The Eastwood Local Board of Education voiced approval late last month of "Everyday Mathematics," a program intended to teach children math at a quicker pace with exposures over time and frequent opportunities to practice and review - called a "spiraling component," said Chris Standring, school improvement specialist.

This way, she said teachers can introduce a few new concepts and review others at the same time, rather than simply teach one new topic followed by another new topic. The program uses practice through games, oral drills, and diagrams.

"The students are constantly learning and developing a deeper understanding of mathematics," Ms. Standring said. "It really helps students think critically, and I think that's a strong aspect."

Teachers felt they needed a new math program in the district's four elementary schools to meet changing state standards.

"It became apparent to us that our book we were presently using was not measuring up in every way," said Tom Lingenfelder, Pemberville and Webster elementary school principal.

Lisa Wank, a fifth-grade teacher at Pemberville elementary, said her students can solve problems on the chalkboard or in a workbook but have trouble applying the concepts, like percentages, to real-life situations, such as a sale at a store.

"I think our kids are very good with the computation but lack a math sense," she said. "They're just not math thinkers.
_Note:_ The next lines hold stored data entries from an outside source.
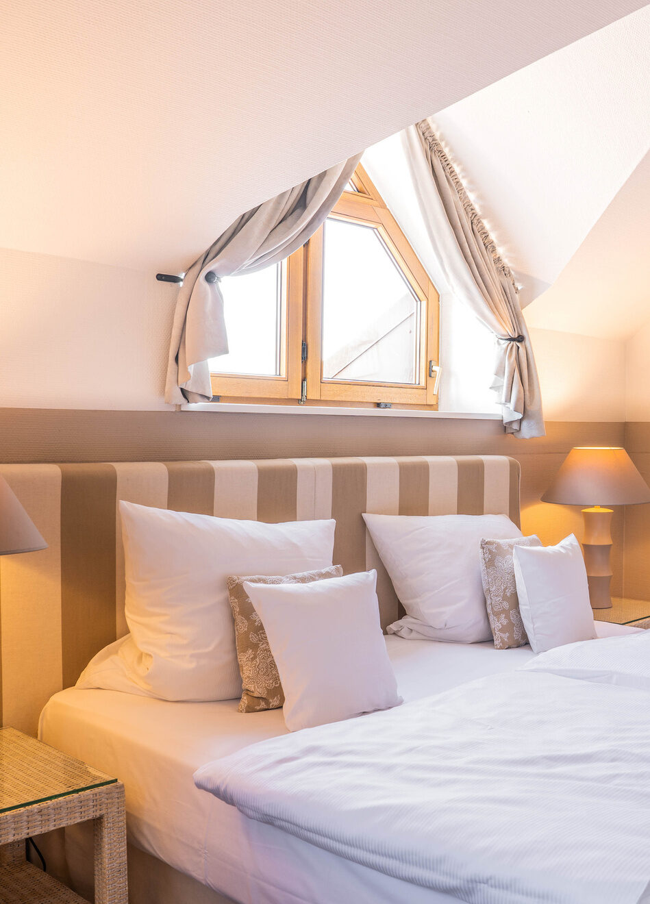 Direkt unter den Dächern vom Romantischen Winkel, aus diesem Grund sind die Zimmer teilweise nur über eine Treppe zu erreichen (Aufzug bis zur 4. Etage, anschließend eine Treppe zu Fuß).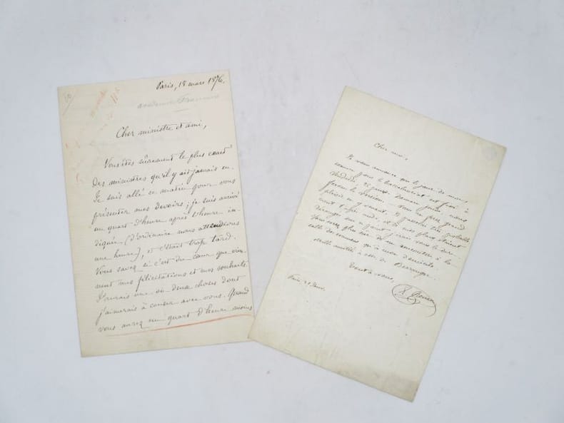 2 lettres autographes signées : 1- Paris, 18 mars 1876. In-8, 1 1/2 pp. Renan explique à un "cher ministre et ami" qu'il a essayé de venir le voir sans succès. 2- Paris, 21 janvier. In-8, 1 p. Il évoque le baccalauréat et l'enseignement (feuillet froissé). * Membre du SLAM et de la LILA / ILAB Member. La librairie est ouverte du lundi au vendredi de 14h à 19h. Merci de nous prévenir avant de passer,certains de nos livres étant entreposés dans une réserve.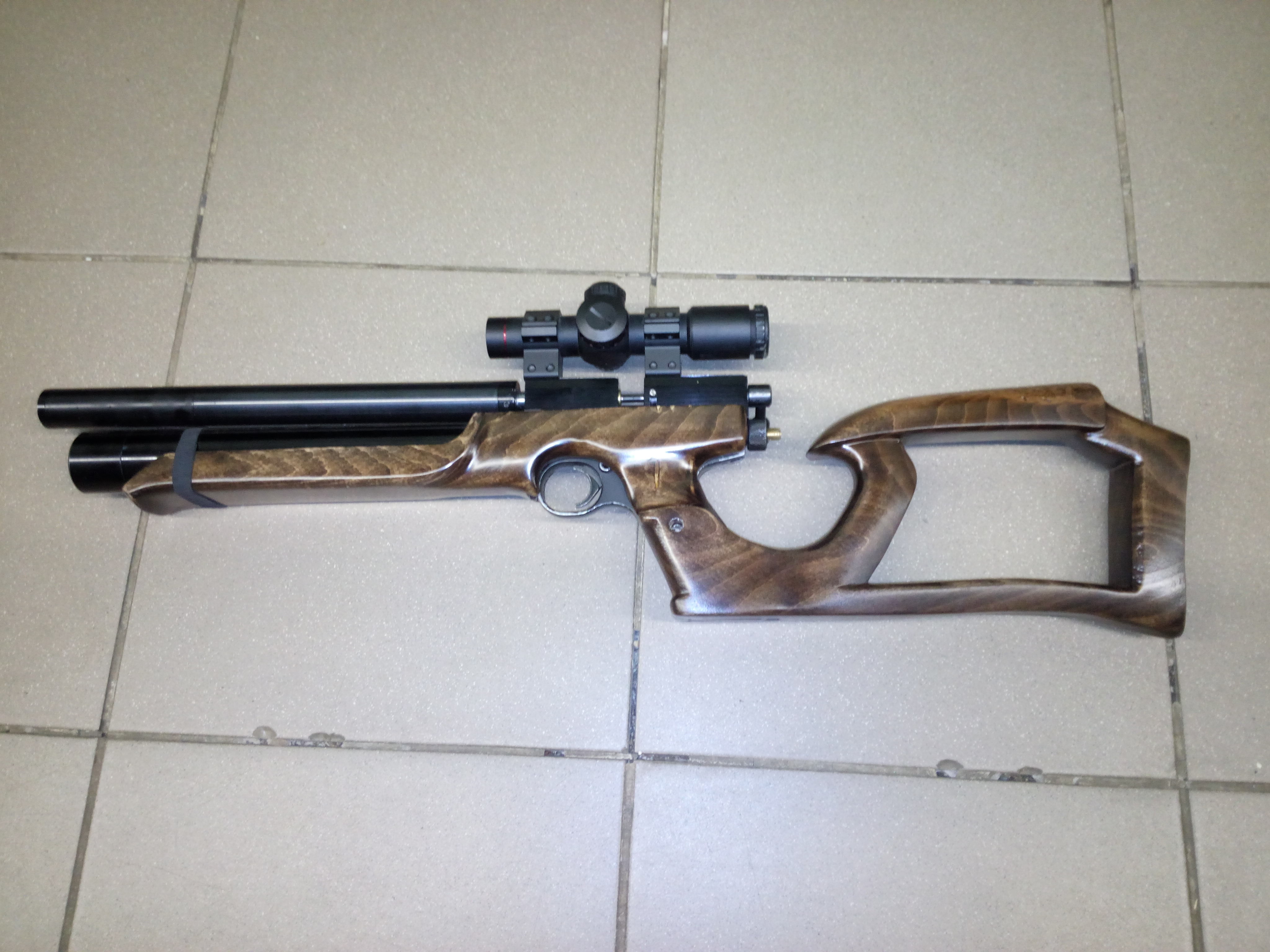 А у меня, по случаю, появился Крыс - пекаль ПСП-редуктор-cal 0.177. Тихий, кучный - с упора на 50 метров куча 25 мм Хэвиком. Решил одеть его в одёжку - сделать миникарабасик. Хотел делать приклад съёмный или откидывающийся, но на этом экземпляре в последний момент передумал. Вот что получилось. Осталось затылок из толстой кожи приклеить. Дерево бук, морилка палисандр водная + лак яхтный нанесён в несколько слоёв из пульвера. Весит меньше 0,5 кг.

Everyday Math is more complicated, and I think the kids who are really going to benefit are the younger kids because they won't know any other way."

To choose a program, a committee of 13 elementary school teachers and administrators met seven times throughout this school year for about two hours each time.
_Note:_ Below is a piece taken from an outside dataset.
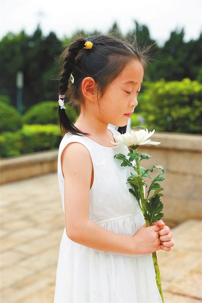 一名小女孩在深圳革命烈士纪念碑前默哀。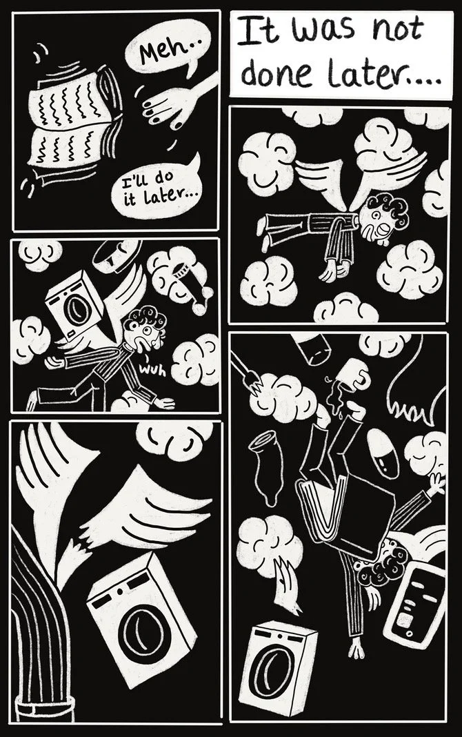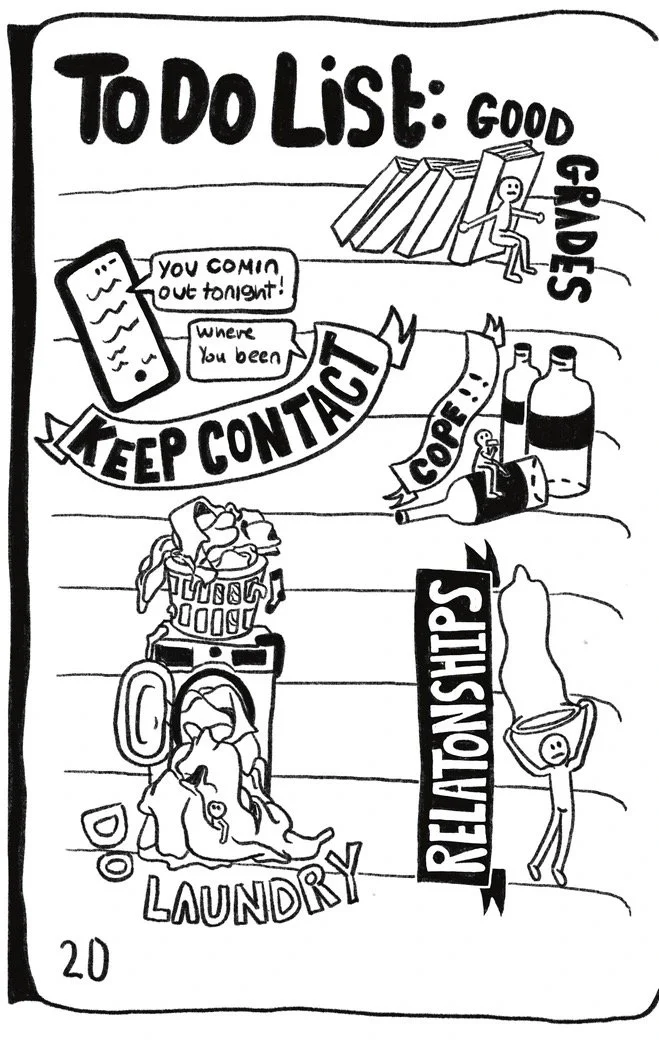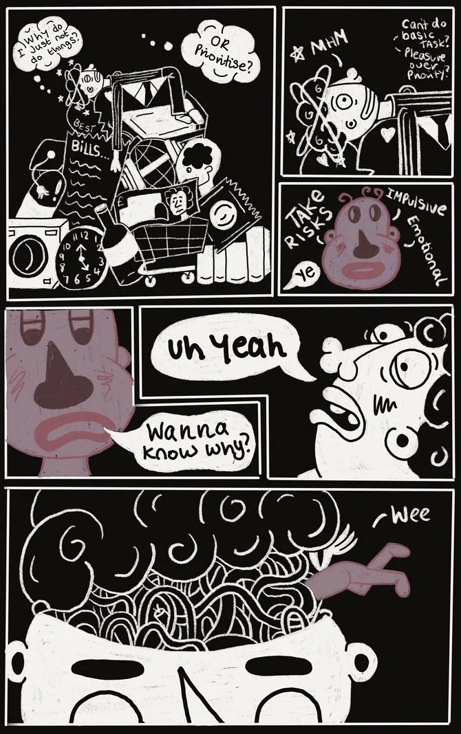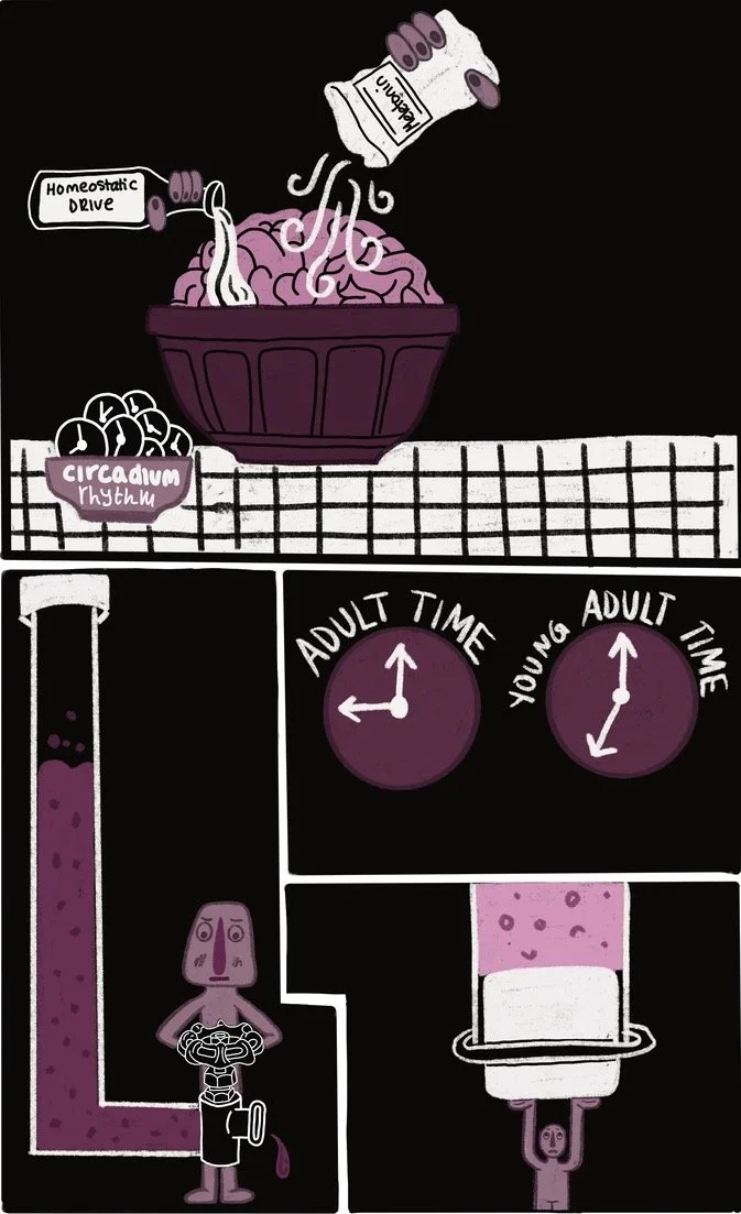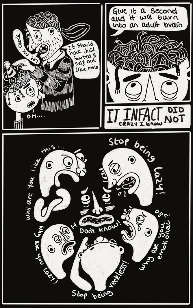 I created growing pains to make behavioural science more accessible to those outside of academia. This comic highlights stereotypical behaviour that is seen as negative in society that adolescents moving into young adulthood can't entirely control such as thrill seeking, tiredness and procrastination.

They asked representatives from three major mathematics publishing companies to give an overview of each program, visited schools that had reported good math scores, and made the unanimous decision to go with the Everyday Mathematics program published by McGraw-Hill-Wright Group that is widely used in elementary schools throughout the state, Ms. Standring said.
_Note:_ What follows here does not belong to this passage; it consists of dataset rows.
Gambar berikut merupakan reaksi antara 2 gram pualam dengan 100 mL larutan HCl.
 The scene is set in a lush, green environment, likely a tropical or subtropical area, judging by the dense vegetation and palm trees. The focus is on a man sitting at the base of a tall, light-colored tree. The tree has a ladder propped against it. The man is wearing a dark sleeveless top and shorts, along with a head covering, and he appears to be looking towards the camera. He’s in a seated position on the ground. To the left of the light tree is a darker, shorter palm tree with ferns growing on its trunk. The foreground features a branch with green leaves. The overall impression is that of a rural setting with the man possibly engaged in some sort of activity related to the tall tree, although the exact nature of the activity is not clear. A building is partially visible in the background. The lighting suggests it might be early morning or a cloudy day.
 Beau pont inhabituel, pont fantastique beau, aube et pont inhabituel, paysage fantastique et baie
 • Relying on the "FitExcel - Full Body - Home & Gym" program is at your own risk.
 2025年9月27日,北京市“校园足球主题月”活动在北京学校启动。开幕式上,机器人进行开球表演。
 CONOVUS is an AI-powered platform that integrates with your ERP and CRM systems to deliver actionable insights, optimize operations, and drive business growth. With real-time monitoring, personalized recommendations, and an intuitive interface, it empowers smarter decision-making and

Mr. Lingenfelder said he was impressed with the program when he visited other schools that had implemented it.

"I think it teaches the children to think, and it teaches them there's more than one way to arrive at the correct answer through different approaches, like math games," he said. "We're looking forward to math scores increasing."

The initial cost of the program - which will pay for the materials, marker boards, calculators, and literature, among other costs - will be around $100,000, Ms. Standring said. Annual reorder costs for things such as journals, and study links will be more than $19,000.

A few teachers are piloting the math program in their classrooms, and the remaining teaching staff will be trained how to fully use the program during two in-service days late this school year.

To introduce parents to the new program, the district is hosting several "parents awareness nights" at the beginning of next school year.